Dabit, qui voyage entre Berlin et Ramle, se trouvait à Ramle lorsque le Hamas a attaqué. Il a pleuré au téléphone en entendant la voix de Ben David déformée par la douleur et la vengeance.
« Il n’était vraiment pas l’Oz que je connais », a déclaré Dabit à la Jewish Telegraphic Agency. « Je l’ai laissé parler – il voulait fermer le restaurant, et faisons ceci à Gaza, faisons cela, toutes les choses en colère que les gens disent quand ils traversent des moments difficiles. »
Dabit a accepté de fermer temporairement le restaurant, mais il a appelé tous les jours pour vérifier si son partenaire allait bien. En tant que seul enfant palestinien dans une école israélienne pendant la Seconde Intifada, un violent soulèvement palestinien au début des années 2000, il a été témoin des bombardements du Hamas contre des bus et des cibles au milieu des villes israéliennes. Il connaissait intimement les machinations du terrorisme et comment on apprenait aux enfants israéliens à haïr un ennemi. Et il croyait que si Ben David exprimait sa colère, il la laisserait derrière lui.
« Il avait les outils pour comprendre et croire que je reviendrais à moi-même », a déclaré Ben David.
Le 13 octobre, il a rouvert Kanaan. Le restaurant s’est rempli de clients manifestant leur soutien au duo israélo-palestinien, certains cherchant une alternative aux profondes divisions sociales provoquées par la guerre en Israël et à Gaza.

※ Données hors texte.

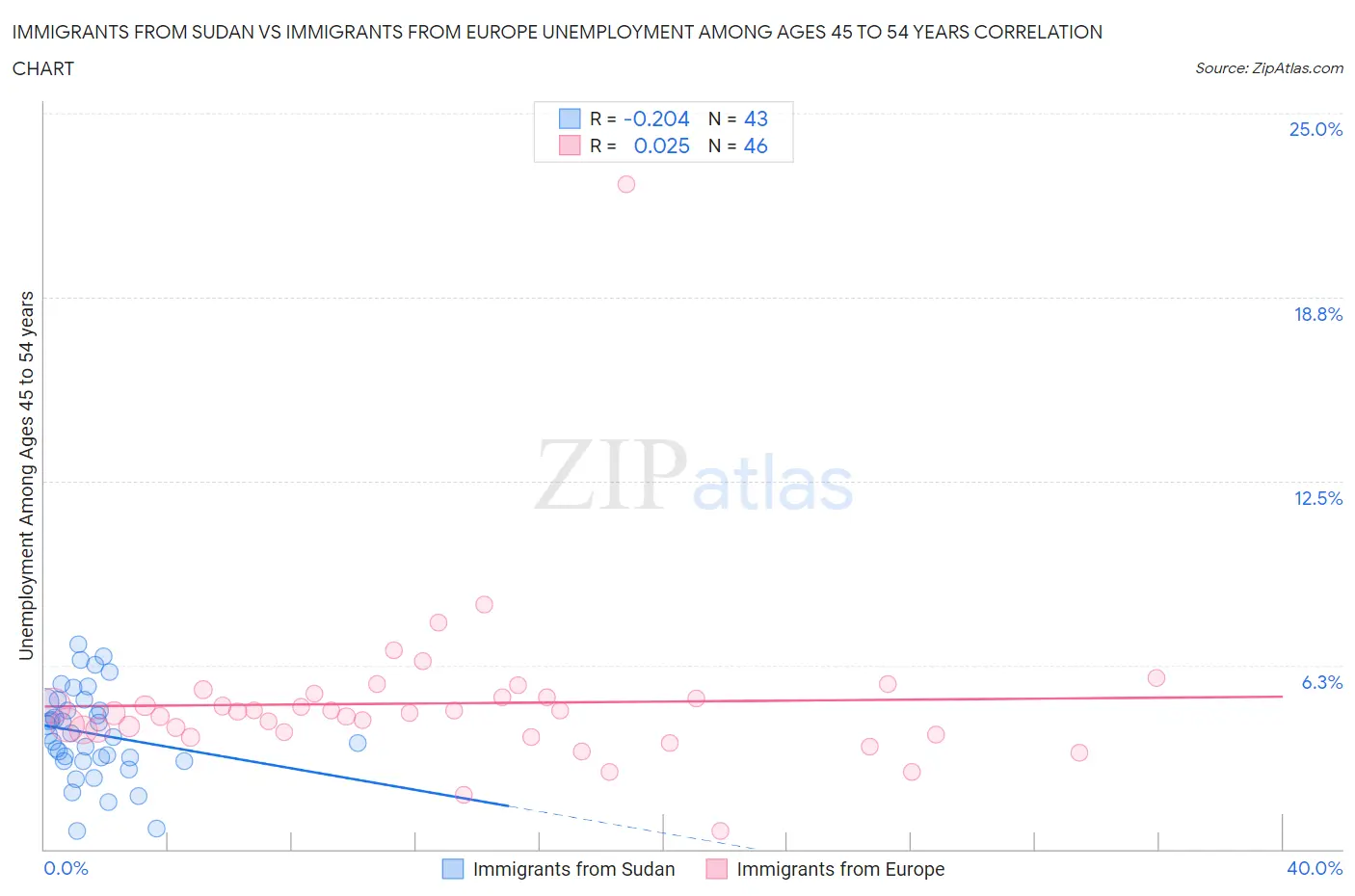 Immigrants from Sudan vs Immigrants from Europe Unemployment Among Ages 45 to 54 years Correlation Chart
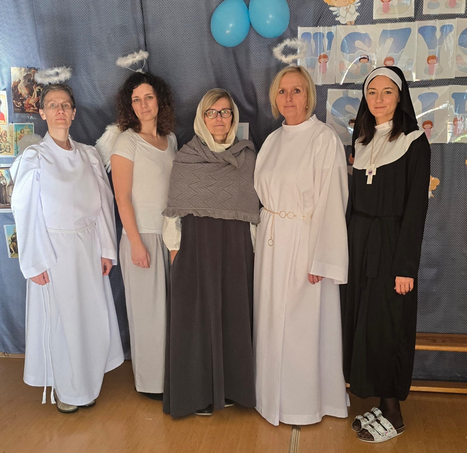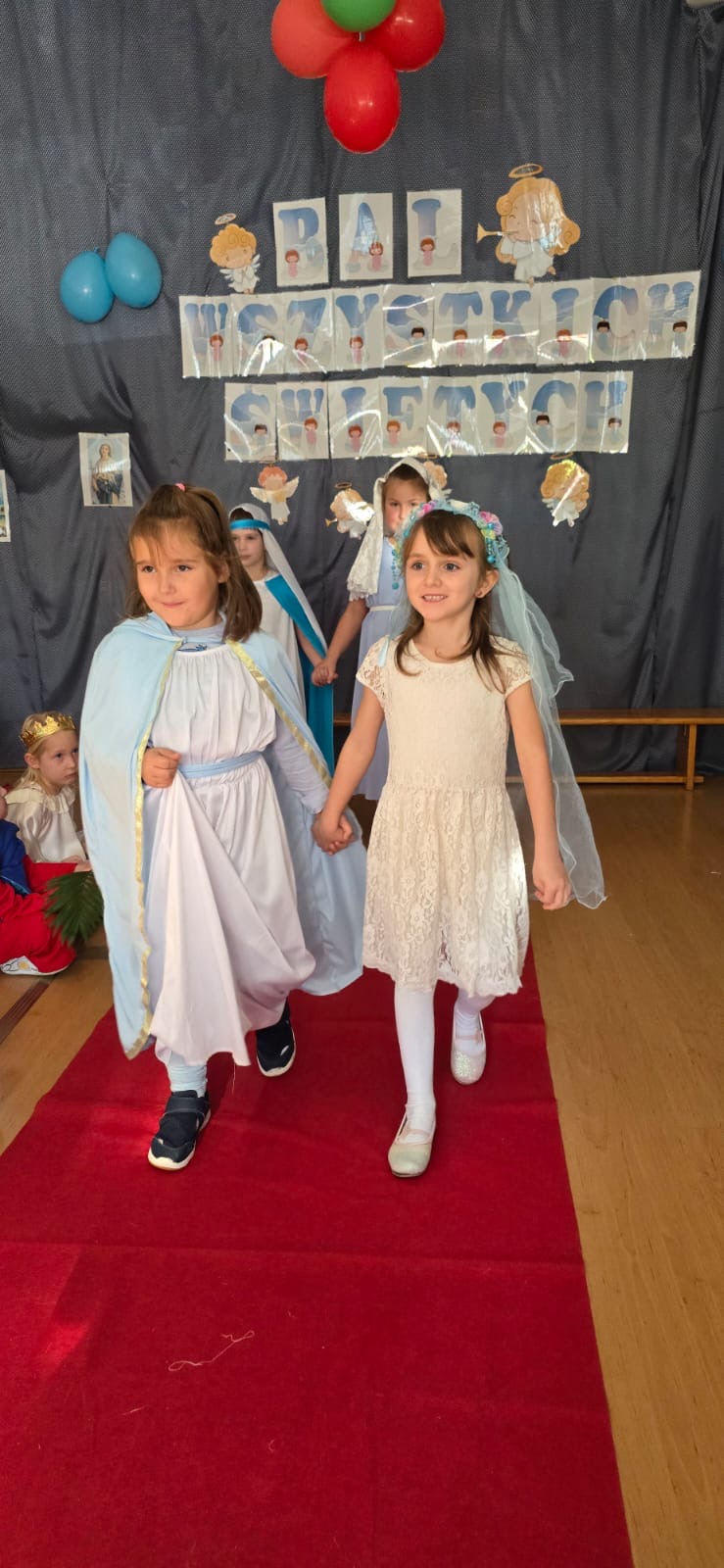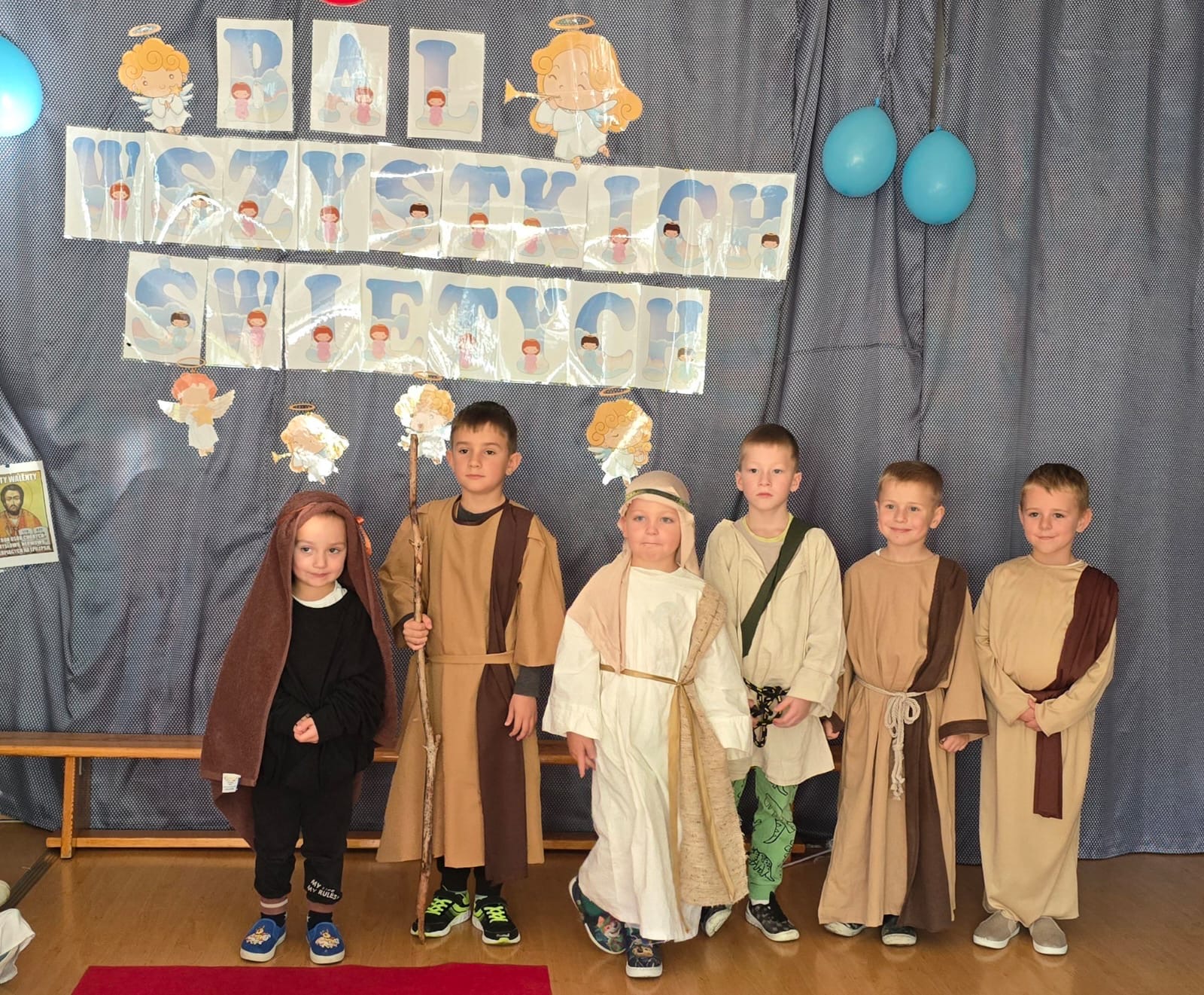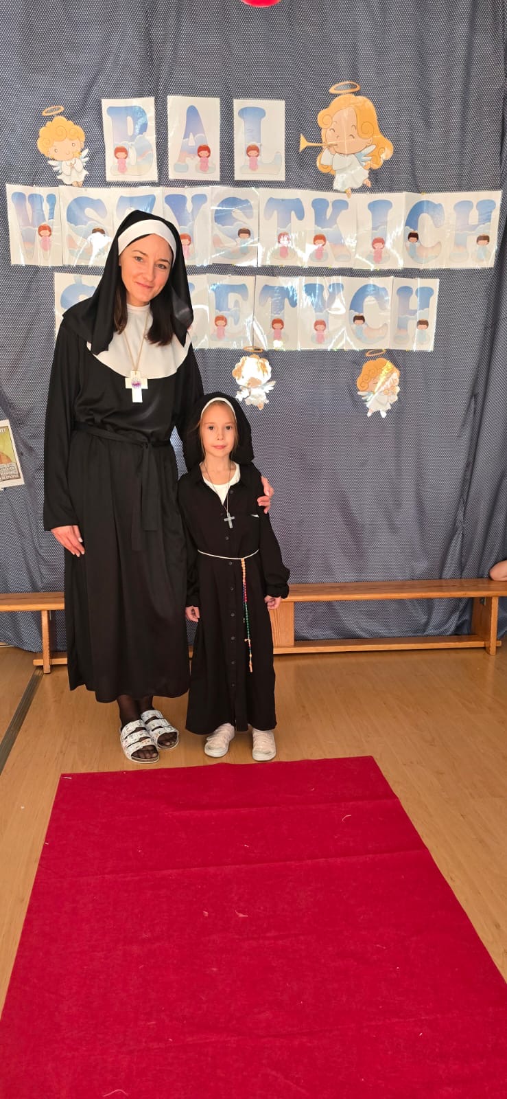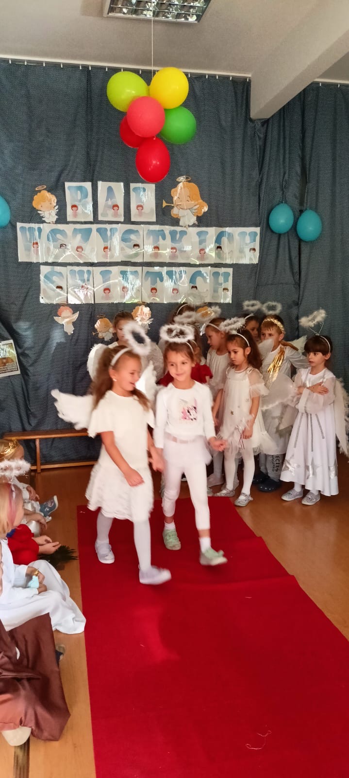 Tego dnia nasze przedszkolaki przyszły przebrane za swoich ulubionych świętych i aniołów. Na dzieci czekało wiele radości, wspólne tańce oraz wyjątkowy pokaz strojów na czerwonym dywanie, podczas którego każde dziecko mogło z dumą zaprezentować swój kostium. Bal przebiegł w atmosferze radości i wspólnego świętowania dobra. Dziękujemy pani Eli za przygotowanie tego pięknego wydarzenia oraz Rodzicom za pomoc w przygotowaniu strojów.

Ces divisions se sont répercutées sur le monde de l’alimentation et ont fait du houmous une arme politique. Certains groupes accusent les chefs israéliens de « coloniser » la nourriture palestinienne, tandis que d’autres affirment que la cuisine israélienne fusionne les recettes de la diaspora juive avec des influences du Moyen-Orient. Aux États-Unis, près de 900 chefs, auteurs culinaires et agriculteurs ont signé un engagement à boycotter les entreprises alimentaires basées en Israël. D’autres groupes, comme la Philly Palestine Coalition, ont boycotté les restaurants qui n’appartiennent pas à des Israéliens mais qui prétendent servir de la nourriture israélienne.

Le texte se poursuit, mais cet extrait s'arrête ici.